Tuned Gradient Boosting Final Test Results:
AUC-ROC: 0.8463
Accuracy: 0.807


**Tuned Gradient Boosting Model Analysis:**

The tuned Gradient Boosting Classifier delivered the best performance among all tested models, achieving an AUC-ROC of 0.8463 and an accuracy of 80.7% on the test data. These metrics indicate that the model is highly effective at both ranking churn risk and correctly classifying customers.
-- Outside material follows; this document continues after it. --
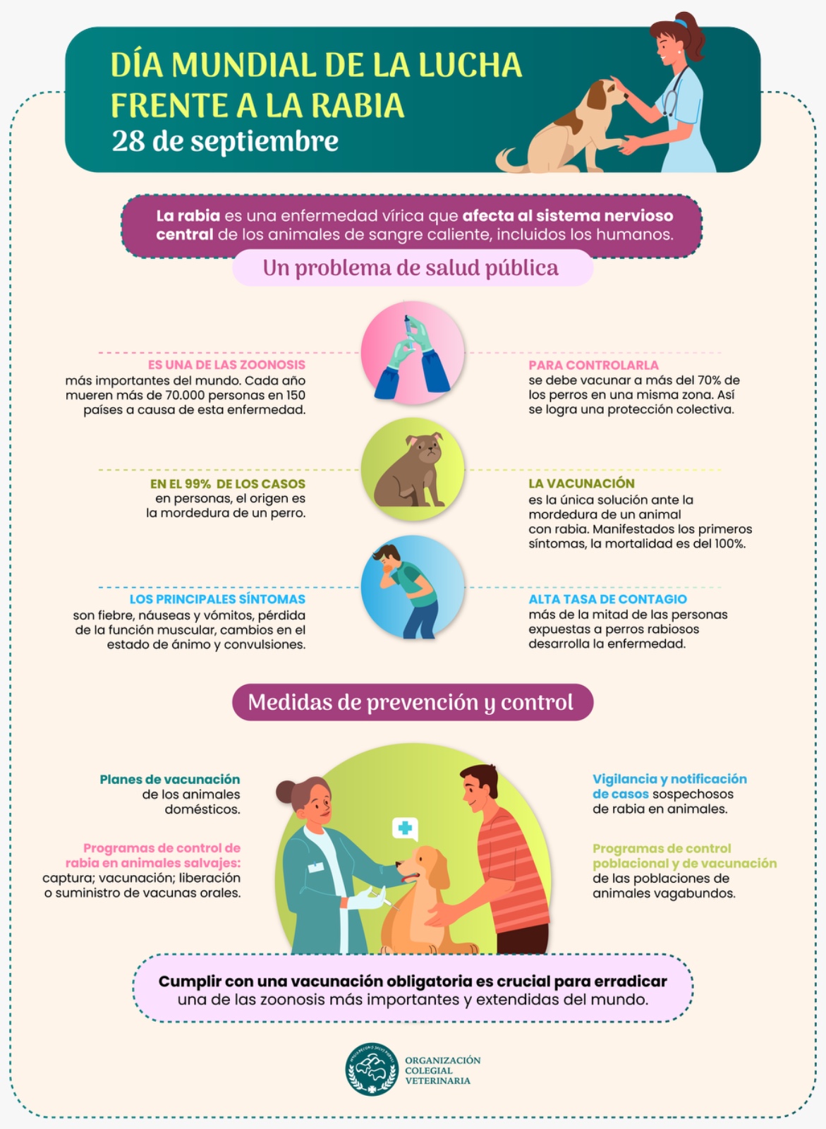 Así lo explica la Organización Colegial Veterinaria (OCV) con motivo del Día Mundial de la Lucha contra la Rabia, que se celebra cada 28 de septiembre. Son los perros los que transmiten, a través de la mordedura o arañazos, el 99% de los casos en personas, “y la única forma de prevenir la rabia es mediante la identificación de los animales vacunados, la revacunación obligatoria anual y el registro de estas acciones para su trazabilidad y control por parte de las autoridades”.

After hyperparameter optimization, the model benefited from:
- A lower learning rate (0.01), which allowed it to learn more gradually and avoid overfitting.
- A moderate tree depth (max_depth=4) and small leaf size, which helped capture patterns without introducing noise.
- A larger number of estimators (300), improving performance through additional iterations.
- Use of subsampling (subsample=0.8), which enhanced generalization by adding randomness during training.

## Overall Conclusion

This project aimed to build a reliable machine learning model to help Interconnect Telecom identify customers likely to churn. By predicting churn risk, the company can proactively offer incentives to retain valuable clients and reduce customer turnover.

**Key Accomplishments:**
- Data Integration & Preparation: We merged four datasets containing contract, personal, internet, and phone service information for 7,043 customers. We cleaned missing values, engineered a binary target variable (churn), and one-hot encoded categorical features for modeling.
- Exploratory Data Analysis: Analysis revealed that ~26.5% of customers churned. Service types, contract length, and payment methods appeared to have potential influence on churn behavior.
- Model Development: Several models were tested and evaluated using AUC-ROC and Accuracy:
    - Logistic Regression: AUC-ROC = 0.826, Accuracy = 78.8%
    - Random Forest: AUC-ROC = 0.822, Accuracy = 79.4%
    - Gradient Boosting: AUC-ROC = 0.841, Accuracy = 79.6%
    - KNN, SVM, Stacking were also tested, but Gradient Boosting showed the strongest performance.
- Model Optimization: Gradient Boosting was further tuned using GridSearchCV. The final tuned model achieved:
    - AUC-ROC = 0.8463
    - Accuracy = 80.7%

These metrics meet the project’s success threshold of AUC-ROC ≥ 0.81 and suggest the model is effective at identifying high-risk churners.

**Final Recommendation:**

The tuned Gradient Boosting Classifier is the best candidate for deployment. It offers strong predictive power and generalization, and can be integrated into the company’s CRM or retention workflow to prioritize customer outreach. Future improvements may involve retraining on more recent data, adding customer interaction history, or testing deep learning approaches for further gains.